Jarvis’s hunch was that the limo was in the firehouse bordering the runways. As it turned out, he was wrong and the psychic was right. Secret Service agents guard the president’s limo until he steps into it. Jarvis checked with them and learned that the hangar identified by the psychic as housing the limo did indeed contain two presidential limousines.
Jarvis mentioned to the woman that the president usually sits on the right side. She insisted that he would be sitting behind the driver. As the woman walked back to Jarvis’s car, he asked the special officer in charge of security for the limos what was in the other two hangars she had identified as containing something important.
“He said one contains Marine One, and the other contains other important assets for the president in case of emergencies,” Jarvis says.
Jarvis immediately briefed supervisors at the Secret Service Intelligence Division duty desk in Washington.
“You guys are going to think I’m crazy,” he said, and then related the information about the vision and how the woman had correctly led him to the president’s limo.
As Jarvis saw it, “We deal in the bizarre all the time. Nothing’s too wacky that hasn’t come across the duty desk report sheet. You’re just straight up and lay it out the way you see it. And together you examine and turn the thing over and make a determination.”

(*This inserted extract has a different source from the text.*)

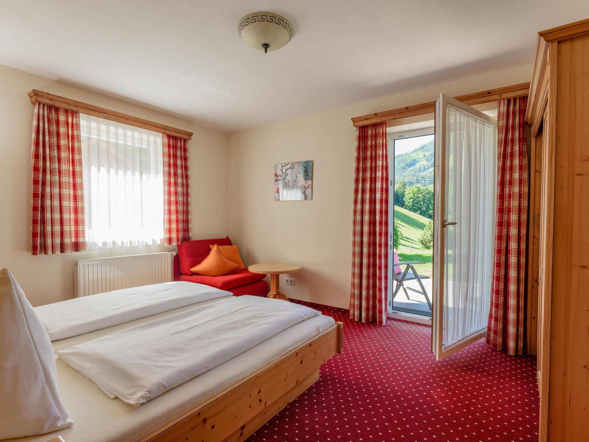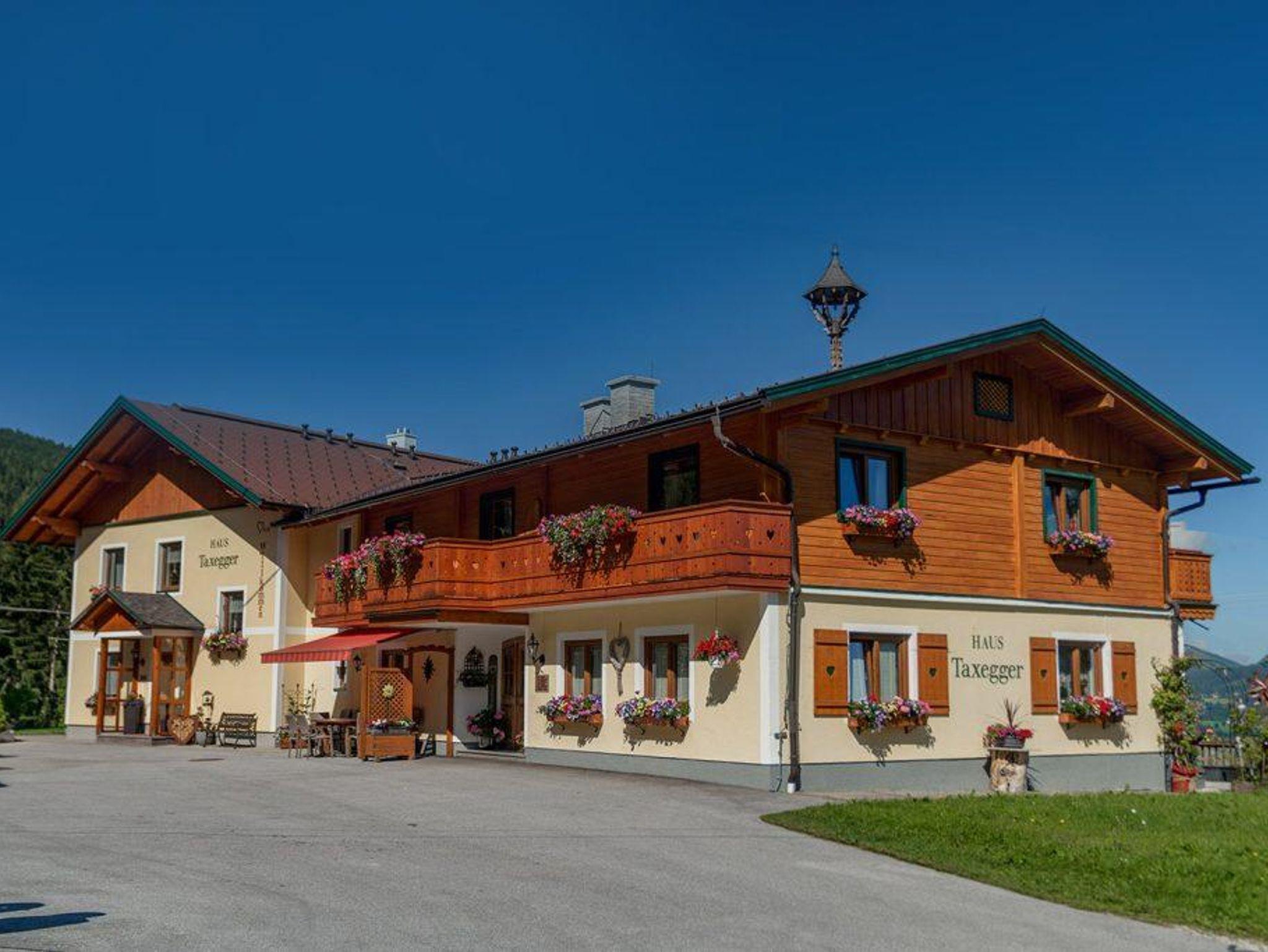 Umgeben von Wiesen und Wäldern in ruhiger, sonniger Lage auf 1.100 m Seehöhe wohnen Sie in unseren 5 neu errichteten Nichtraucher-Appartements. Wir bieten verschiedene Wohnungstypen für 2 bis 7 Personen an. Je nach Wohnungsgröße stehen Ihnen ein bis zwei getrennte Schlafzimmer zur Verfügung. Jedes Appartement hat zusätzlich ein Wohn-Schlafzimmer, eine voll ausgestattete Küche sowie Badezimmer mit Dusche und WC. Sat-TV und gratis W-Lan sind im Haus Taxegger selbstverständlich vorhanden. Was Sie aber ganz besonderes genießen werden, ist die faszinierende Aussicht vom Balkon der Appartements auf das Dachstein-Massiv.

At one A.M., Jarvis called the head of the advance team and briefed him. However, since the psychic seemed to have been wrong about what clothes Bush would be wearing and about where he would be sitting, they dismissed their concerns. Still, that morning before Bush left for Oklahoma, the head of the advance team informed detail leaders based in W-16 at the White House about the bizarre tale.

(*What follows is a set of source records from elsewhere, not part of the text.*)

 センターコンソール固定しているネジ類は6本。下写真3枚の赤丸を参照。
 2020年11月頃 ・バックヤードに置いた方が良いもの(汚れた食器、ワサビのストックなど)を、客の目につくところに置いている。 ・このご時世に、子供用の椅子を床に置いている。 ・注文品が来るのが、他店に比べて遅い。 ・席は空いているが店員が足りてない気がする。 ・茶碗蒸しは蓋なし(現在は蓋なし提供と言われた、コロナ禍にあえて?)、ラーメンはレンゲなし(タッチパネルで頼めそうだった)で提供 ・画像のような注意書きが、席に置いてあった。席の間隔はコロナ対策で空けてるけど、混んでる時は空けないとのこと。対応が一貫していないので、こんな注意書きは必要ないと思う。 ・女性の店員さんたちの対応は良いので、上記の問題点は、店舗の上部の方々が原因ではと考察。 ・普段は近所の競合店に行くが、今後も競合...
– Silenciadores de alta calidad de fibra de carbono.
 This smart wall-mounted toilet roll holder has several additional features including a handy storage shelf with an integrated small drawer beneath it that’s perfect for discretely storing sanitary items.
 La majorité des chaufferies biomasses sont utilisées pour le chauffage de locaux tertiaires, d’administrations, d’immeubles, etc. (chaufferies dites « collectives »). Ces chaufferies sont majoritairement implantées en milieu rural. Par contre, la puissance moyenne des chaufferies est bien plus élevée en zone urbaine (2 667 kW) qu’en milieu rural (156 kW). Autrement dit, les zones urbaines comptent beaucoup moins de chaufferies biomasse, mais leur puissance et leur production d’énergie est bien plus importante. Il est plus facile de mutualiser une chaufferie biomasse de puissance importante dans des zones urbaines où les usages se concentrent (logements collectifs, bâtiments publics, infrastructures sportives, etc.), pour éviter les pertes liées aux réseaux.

Jarvis then discussed the matter with the agent in charge of the motorcade. He asked if the motorcade route would take the president by an overpass. The agent said it would.
“Do you have an alternate motorcade route?”
“Sure. We always do,” the agent replied.
That morning, Air Force One landed. Known by the Secret Service code name Angel, Air Force One got its name when Dwight D. Eisenhower—code-named Providence—was president. Prior to that, the aircraft used by Franklin D. Roosevelt and Harry S. Truman had been known by air force designations. Because a flight controller mistook the president’s plane for a commercial one, the pilot suggested calling the plane the president was using Air Force One.
The current presidential plane is a Boeing 747-200B bubble top jumbo jet acquired in 1990 when George H. W. Bush was president. It has a range of 9,600 miles and a maximum cruising altitude of 45,100 feet. It cruises at six hundred miles per hour but can achieve speeds of seven hundred one miles per hour. In addition to two pilots, a navigator, and a flight engineer, the 231-foot-long plane carries Air Force One stewards and seventy-six passengers. The plane has eighty-seven telephones.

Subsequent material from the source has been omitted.